This week, we’re dissecting MM-LLMs: Recent Advances in MultiModal Large Language Models.

It’s a survey paper, so I’ll refrain from giving it the PACES treatment. The paper covers a lot of ground, but I want to zero in on one part—the model architecture of MM-LLMs. According to the paper, the general model architecture of MM-LLMs consists of five components: the Modality Encoder, Input Projector, LLM Backbone, Output Projector, and Modality Generator.

These components work together to process and generate content across multiple modalities.

Modality Encoder

In MM-LLMs, the Modality Encoder is typically implemented using pre-trained neural networks specifically designed and trained for processing data from a particular modality.

These pre-trained models have learned to recognize and extract relevant features from the input data through extensive training on large-scale datasets. For example, popular pre-trained models such as ViT (Vision Transformer), CLIP ViT, or Swin Transformer are used as the Modality Encoder when dealing with visual modalities like images or videos. These models have been trained on massive image datasets and have learned to capture visual features such as edges, textures, objects, and scenes.

Similarly, pre-trained models like C-Former, HuBERT, or Whisper are used as the Modality Encoder for audio modality. These models have been trained on large audio datasets and have learned to extract relevant features such as phonemes, prosody, and speaker characteristics.

The Modality Encoder takes the raw input data. This input is processed through a pre-trained model to generate a set of encoded features. The encoded features are then passed through the Input Projector, which aligns them with the text feature space and generates prompts that can be fed into the LLM Backbone. This alignment process allows the LLM Backbone to understand and reason about the multimodal input in the context of the textual input.

During MM-LLM training, the Modeality Encoder is usually kept frozen, which means its parameters are not updated. This approach has advantages. It leverages pre-trained knowledge of the Modeality Encoder, reducing computational costs and promoting flexibility in the MM-LLM architecture. Different Modeality Encoders can be easily swapped or combined based on task requirements.
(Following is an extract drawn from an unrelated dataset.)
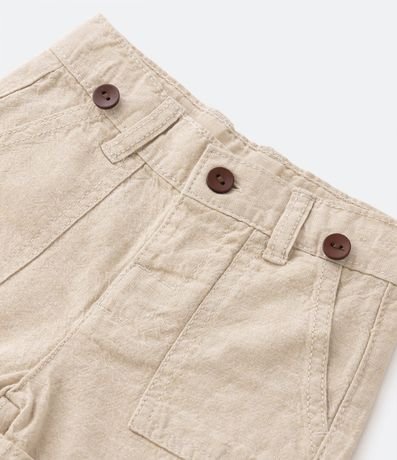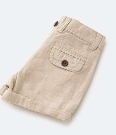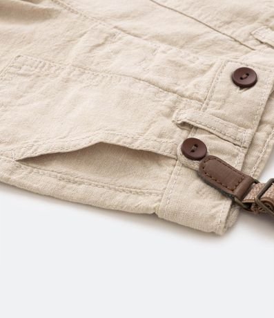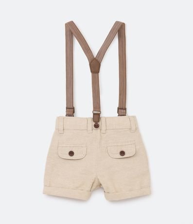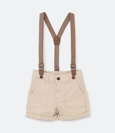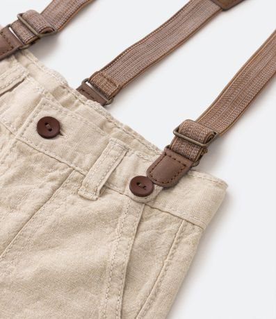 Bermuda Infantil em Linho com Suspensório e Bolsinho Frontal Sobreposto - Tam 0 a 18 meses
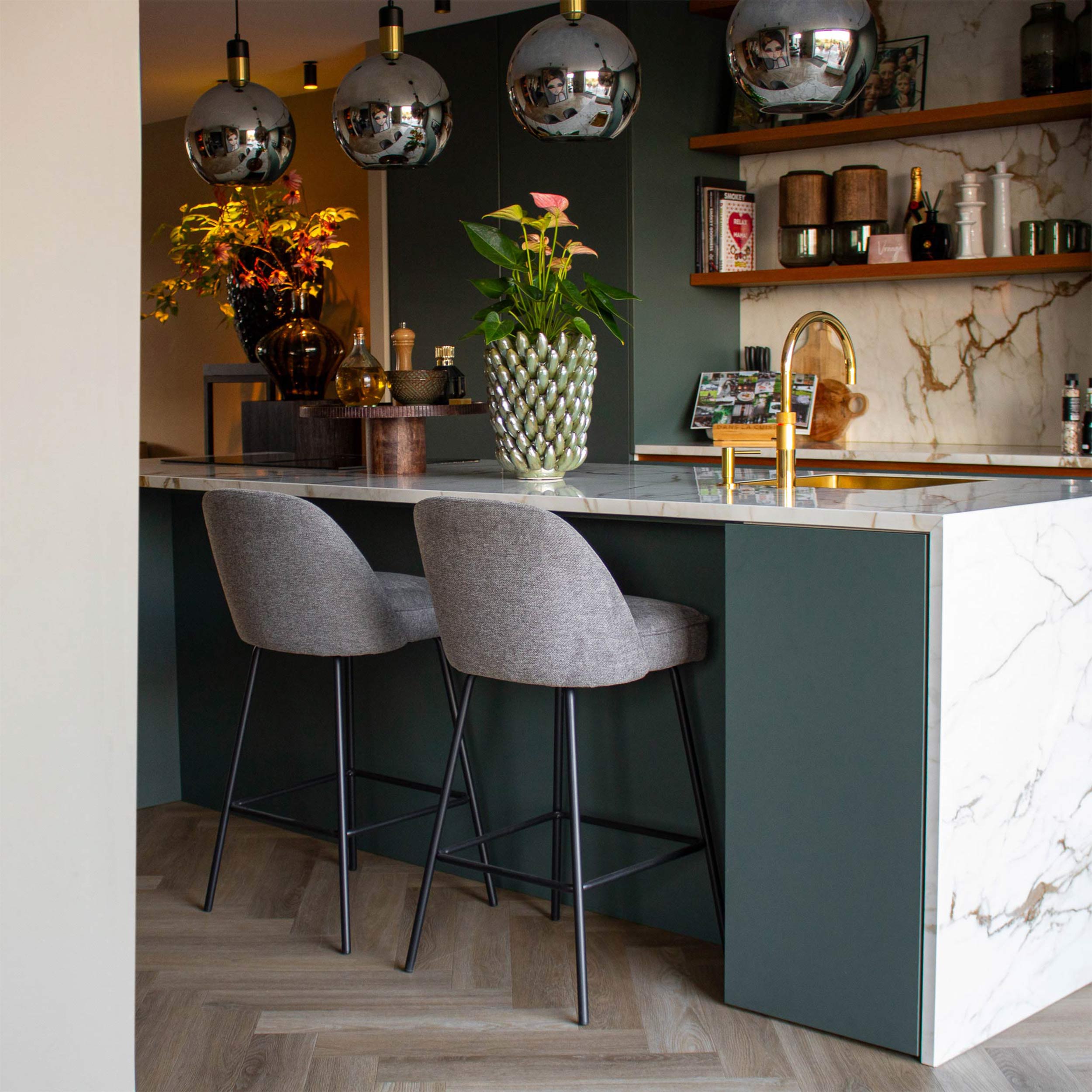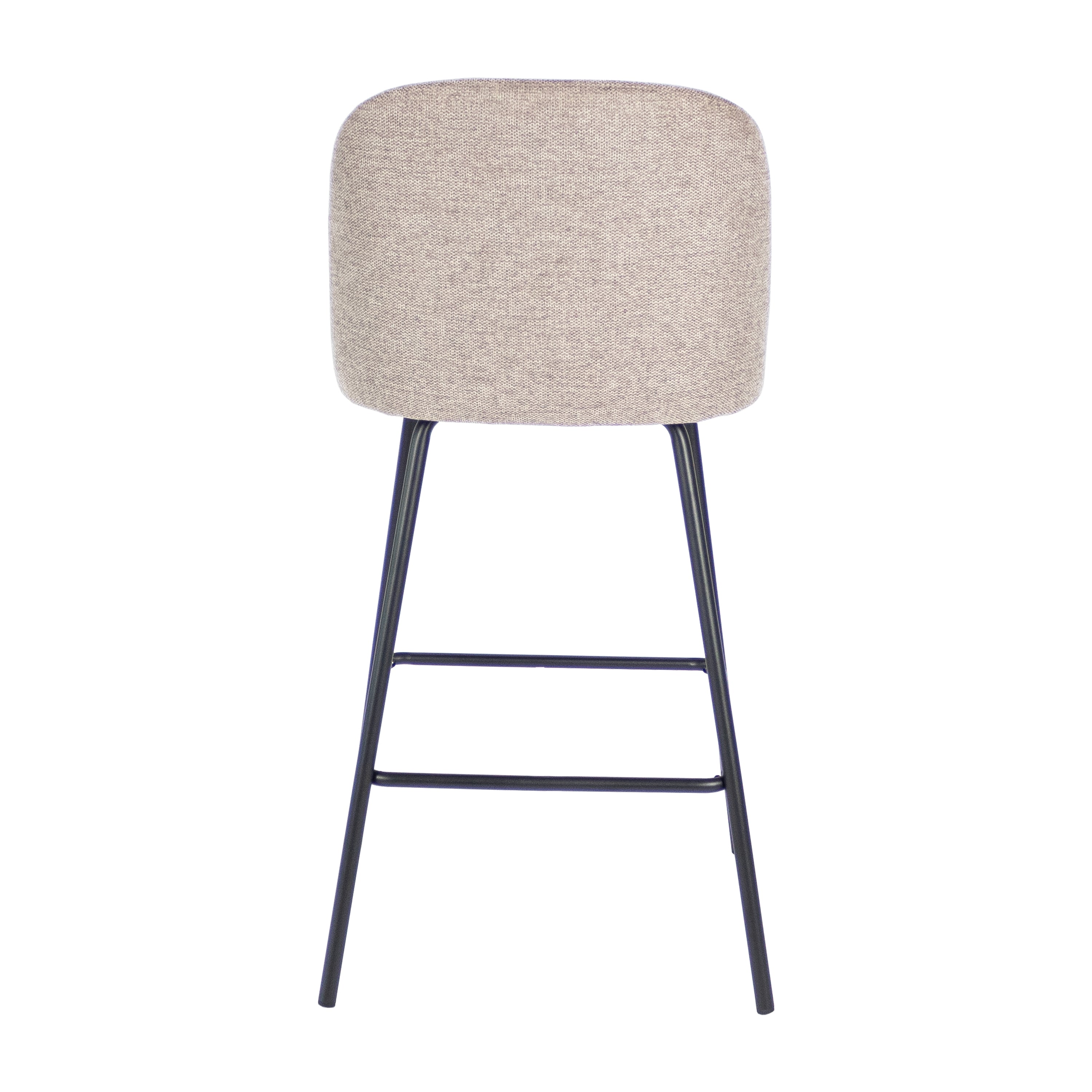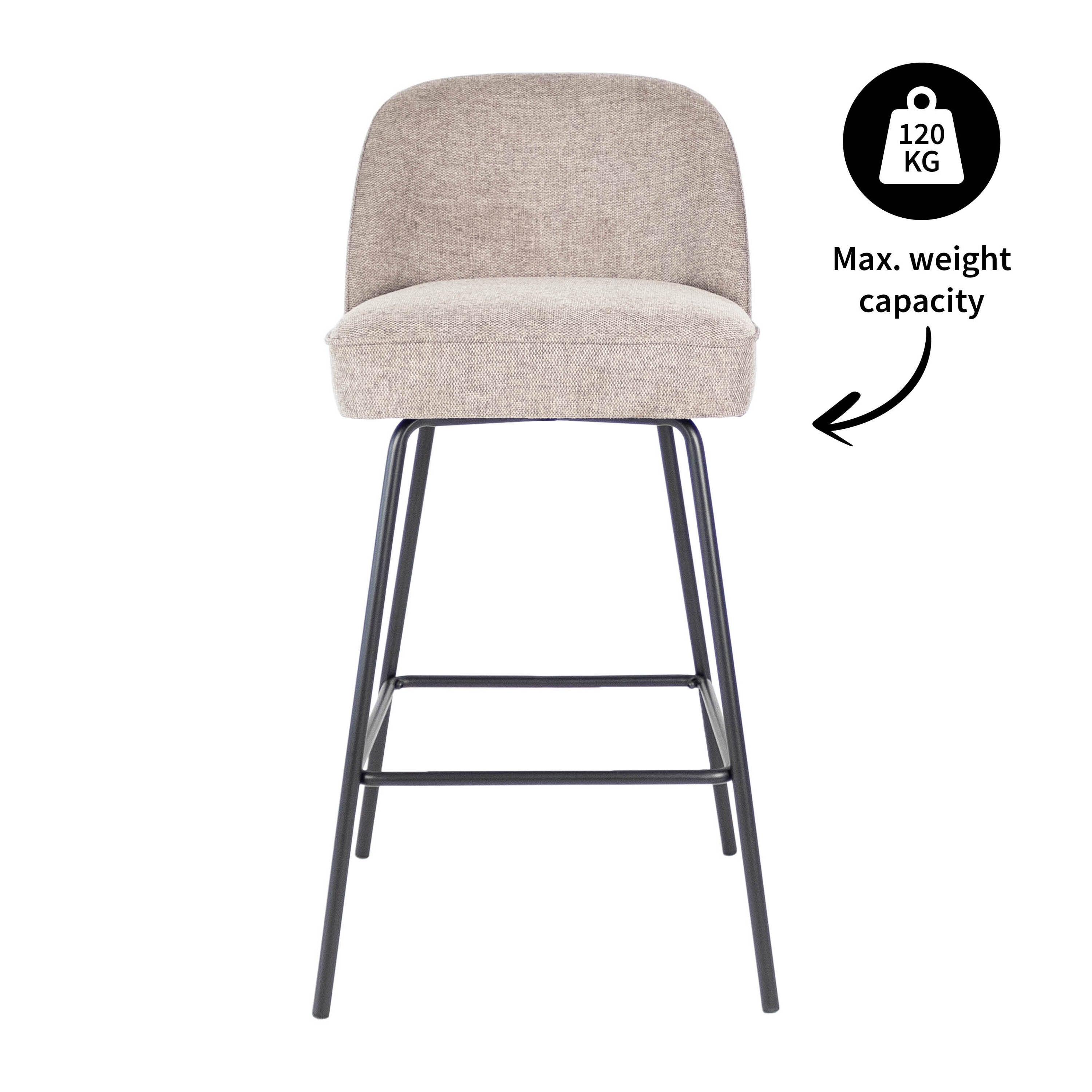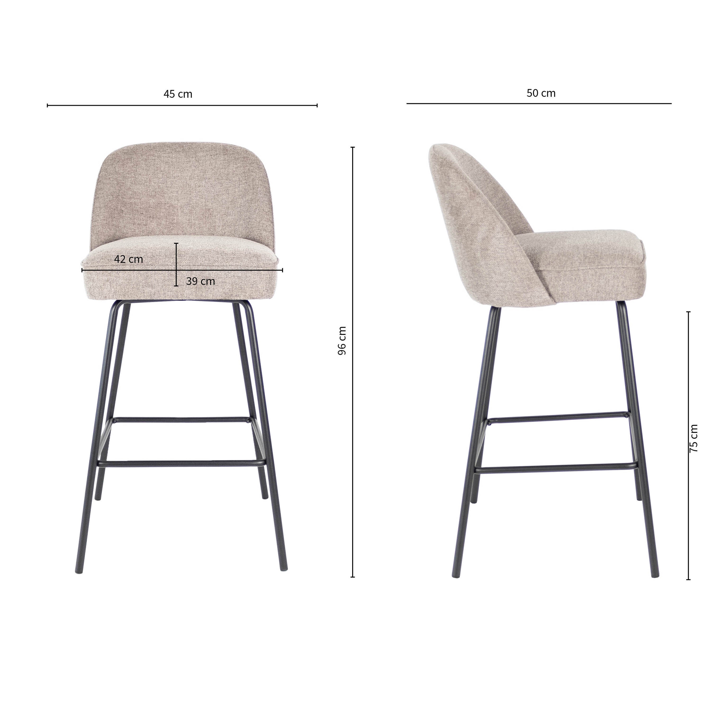 Barkruk Lucy is elegant, stijlvol en tijdloos. Ze heeft een ronde gevoerde zitting, een bekleding van textuurstof en een zwarte metalen onderstel.

The Modality Encoder extracts meaningful features from raw input data in various modalities, aligning them with the text feature space and processing them by the LLM Backbone. This enables the MM-LLM to understand and reason about multimodal input in the context of textual input.

Input Projector

The Input Projector aligns the encoded features of other modalities with the text feature space.

The aligned features, called prompts, are fed into the LLM Backbone and textual features. The Input Projector can be implemented using various methods, such as:

Linear Projector: A simple linear transformation of the encoded features.
Multi-Layer Perceptron (MLP): Several linear projectors interleaved with non-linear activation functions.
Cross-attention (Perceiver Resampler): This method uses a set of trainable vectors as queries and the encoded features as keys to compress the feature sequence to a fixed length. The compressed representation is fed directly into the LLM or used for X-Text cross-attention fusion.
Q-Former: Extracts relevant features with learnable queries, and the selected features are then used as prompts.
P-Former: Generates "reference prompts" and imposes an alignment constraint on the prompts produced by Q-Former.
MQ-Former: Conducts a fine-grained alignment of multi-scale visual and textual signals.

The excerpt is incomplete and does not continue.